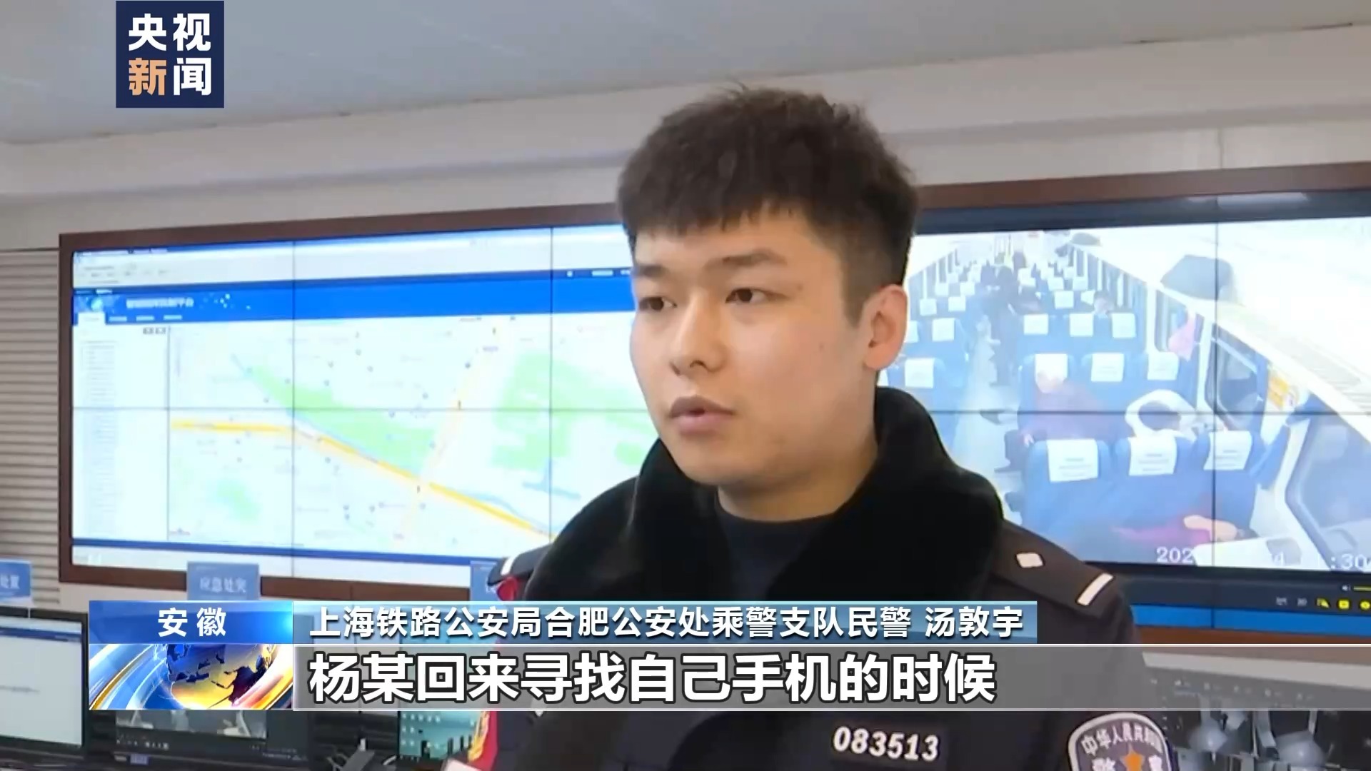 上海铁路公安局合肥铁路公安处乘警支队民警 汤敦宇:她刚把手机拿走几秒钟,报案人就回来寻找自己的手机。杨某回来找自己手机的时候,她一直在假装睡觉,并没有把手机还给当事人。
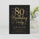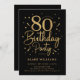 80th birthday party invitation in black and gold. Trendy modern design, perfect for a stylish men's or women's bday celebration. Features script font and confetti. Customize with your own details. Printed Zazzle invitations or instant download digital printable template.
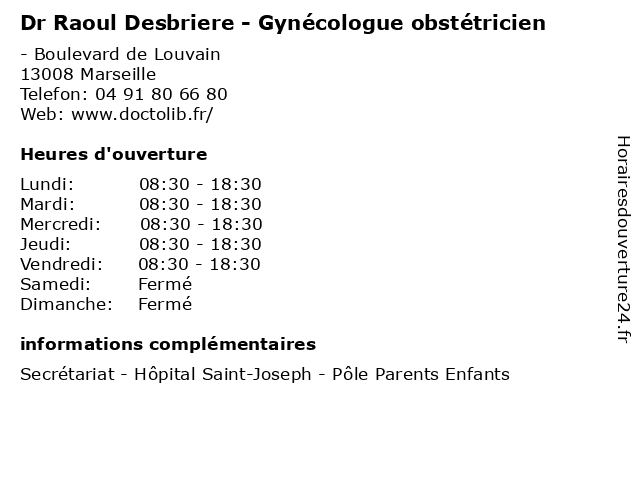 1 Dr Raoul Desbriere - Gynécologue obstétricien (Distance: 0,61 km) 444 Rue Paradis, 13008 Marseille consultation, desbriere, docteur, dr, gynécologue, med, médecin, médecine, obstétricien, raoul, secrétariat, traitement 2 Dr Eric Glowaczower - Gynécologue médical et obstétrique (Distance: 0,00 km) - Boulevard de Louvain, 13008 Marseille consultation, docteur, dr, eric, et, glowaczower, gynécologue, med, médecin, médecine, médical, obstétrique, secrétariat, traitement 3 Dr Charlotte Laplane - Gynécologue et Obstétricien (Distance: 0,00 km) - Boulevard de Louvain, 13008 Marseille charlotte, consultation, docteur, dr, et, gynécologue, laplane, med, médecin, médecine, médical, obstétricien, obstétrique, secrétariat, traitement 4 Dr Elisabeth Chereau-Ewald - Gynécologue obstétricien - secrétariat (Distance: 0,09 km) 26 Boulevard de Louvain, 13008 Marseille chereau, dr, elisabeth, ewald, gynécologue, médecins, médicaments, obstétricien, santé, secrétariat, spécialiste 5 Dr Laura Couka Tenoudji-Cohen - Gynécologue médical (Distance: 0,09 km) 26 Boulevard de Louvain, 13008 Marseille cohen, couka, dr, gynécologue, laura, médecins, médical, médicaments, santé, secrétariat, spécialiste, tenoudji 6 Dr Emmanuelle Cristofari-Marquand - Gynécologue médical (Distance: 0,09 km) 26 Boulevard de Louvain, 13008 Marseille cristofari, dr, emmanuelle, gynécologue, marquand, médecins, médical, médicaments, santé, secrétariat, spécialiste |

+---+

Nothing but an exact transcription of the material, without pictures, should be returned.

▶ Solution:
 上海铁路公安局合肥铁路公安处乘警支队民警 汤敦宇:她刚把手机拿走几秒钟,报案人就回来寻找自己的手机。杨某回来找自己手机的时候,她一直在假装睡觉,并没有把手机还给当事人。
 80th birthday party invitation in black and gold. Trendy modern design, perfect for a stylish men's or women's bday celebration. Features script font and confetti. Customize with your own details. Printed Zazzle invitations or instant download digital printable template.
 1 Dr Raoul Desbriere - Gynécologue obstétricien (Distance: 0,61 km) 444 Rue Paradis, 13008 Marseille consultation, desbriere, docteur, dr, gynécologue, med, médecin, médecine, obstétricien, raoul, secrétariat, traitement 2 Dr Eric Glowaczower - Gynécologue médical et obstétrique (Distance: 0,00 km) - Boulevard de Louvain, 13008 Marseille consultation, docteur, dr, eric, et, glowaczower, gynécologue, med, médecin, médecine, médical, obstétrique, secrétariat, traitement 3 Dr Charlotte Laplane - Gynécologue et Obstétricien (Distance: 0,00 km) - Boulevard de Louvain, 13008 Marseille charlotte, consultation, docteur, dr, et, gynécologue, laplane, med, médecin, médecine, médical, obstétricien, obstétrique, secrétariat, traitement 4 Dr Elisabeth Chereau-Ewald - Gynécologue obstétricien - secrétariat (Distance: 0,09 km) 26 Boulevard de Louvain, 13008 Marseille chereau, dr, elisabeth, ewald, gynécologue, médecins, médicaments, obstétricien, santé, secrétariat, spécialiste 5 Dr Laura Couka Tenoudji-Cohen - Gynécologue médical (Distance: 0,09 km) 26 Boulevard de Louvain, 13008 Marseille cohen, couka, dr, gynécologue, laura, médecins, médical, médicaments, santé, secrétariat, spécialiste, tenoudji 6 Dr Emmanuelle Cristofari-Marquand - Gynécologue médical (Distance: 0,09 km) 26 Boulevard de Louvain, 13008 Marseille cristofari, dr, emmanuelle, gynécologue, marquand, médecins, médical, médicaments, santé, secrétariat, spécialiste |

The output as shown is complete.